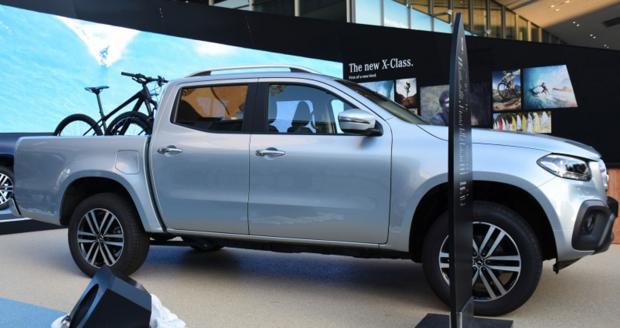 Phần đầu của X-Class gây ấn tượng bằng cụm đèn pha LED dạng thấu kính với dải đèn LED chiếu sáng ban ngày, lưới tản nhiệt 2 thanh to bản đặc trưng kèm logo ngôi sao ba cánh ở chính giữa
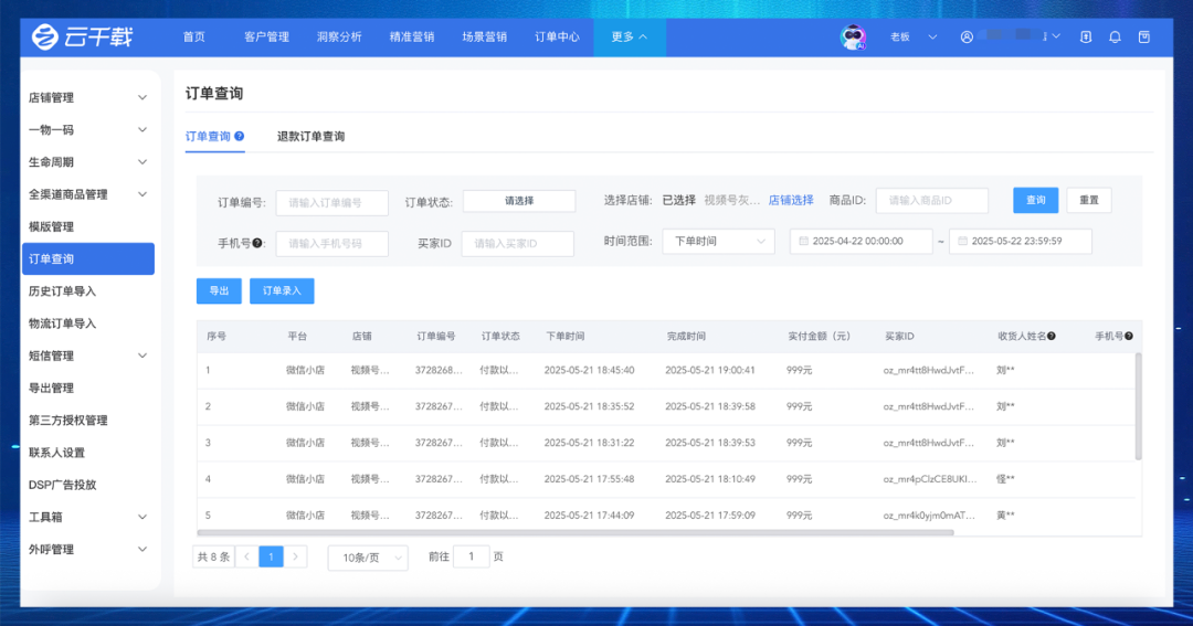 • 订单通:同步订单数据并自动匹配全渠道会员,让每笔交易成为会员资产积累的“燃料”;
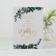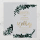 Chic guld typografi Blommigt grått bröllopsinbjudan med handmålad grönt vattenfärgsblad. Grått färg har full anpassade
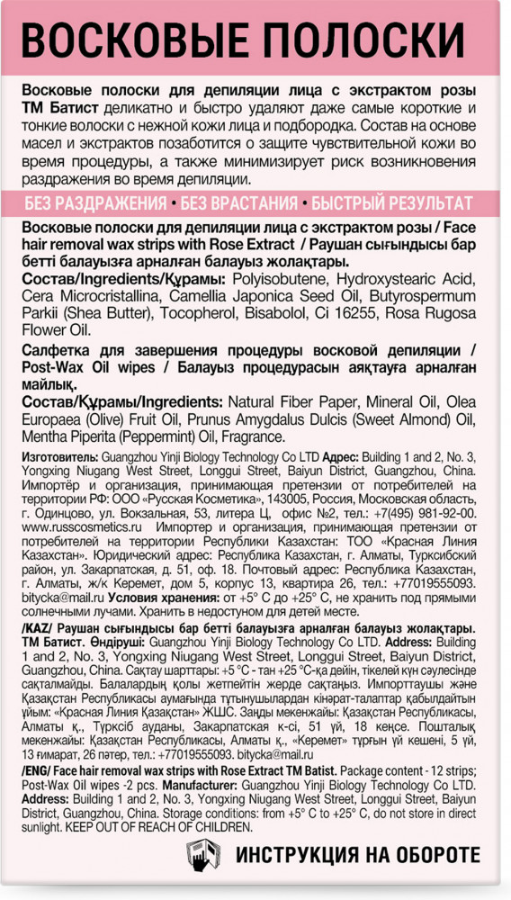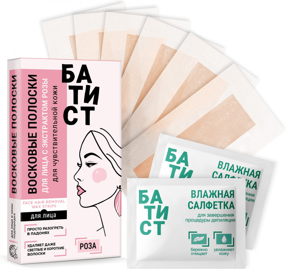 Батист Восковые полоски для депиляции чувствительной кожи лица с экстрактом розы-20% +53
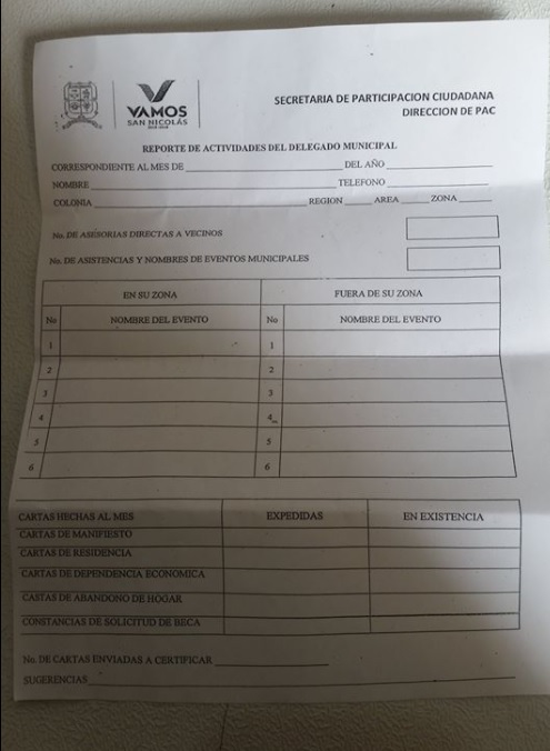 Es obvio, ya que el Alcalde Víctor Fuentes tiene que seguir con la tradición de “amarrar” votos. En la cuenta de Facebook de “San Nicolás al día” aseguran que el pasado viernes se presentaron alrededor de 50 delegados ciudadanos llenando la tradicional papelería para recibir los apoyos, que según deben ser para labores de gestoría, participación ciudadana y limpieza de las plazas públicas, aunque en tiempos electorales sabemos perfecto que no son para estos temas sociales.

___

* **Your objective**
The whole listing above, word for word: repeat it with the pictures excluded.

* **Answer to the problem**
 Phần đầu của X-Class gây ấn tượng bằng cụm đèn pha LED dạng thấu kính với dải đèn LED chiếu sáng ban ngày, lưới tản nhiệt 2 thanh to bản đặc trưng kèm logo ngôi sao ba cánh ở chính giữa
 • 订单通:同步订单数据并自动匹配全渠道会员,让每笔交易成为会员资产积累的“燃料”;
 Chic guld typografi Blommigt grått bröllopsinbjudan med handmålad grönt vattenfärgsblad. Grått färg har full anpassade
 Батист Восковые полоски для депиляции чувствительной кожи лица с экстрактом розы-20% +53
 Es obvio, ya que el Alcalde Víctor Fuentes tiene que seguir con la tradición de “amarrar” votos. En la cuenta de Facebook de “San Nicolás al día” aseguran que el pasado viernes se presentaron alrededor de 50 delegados ciudadanos llenando la tradicional papelería para recibir los apoyos, que según deben ser para labores de gestoría, participación ciudadana y limpieza de las plazas públicas, aunque en tiempos electorales sabemos perfecto que no son para estos temas sociales.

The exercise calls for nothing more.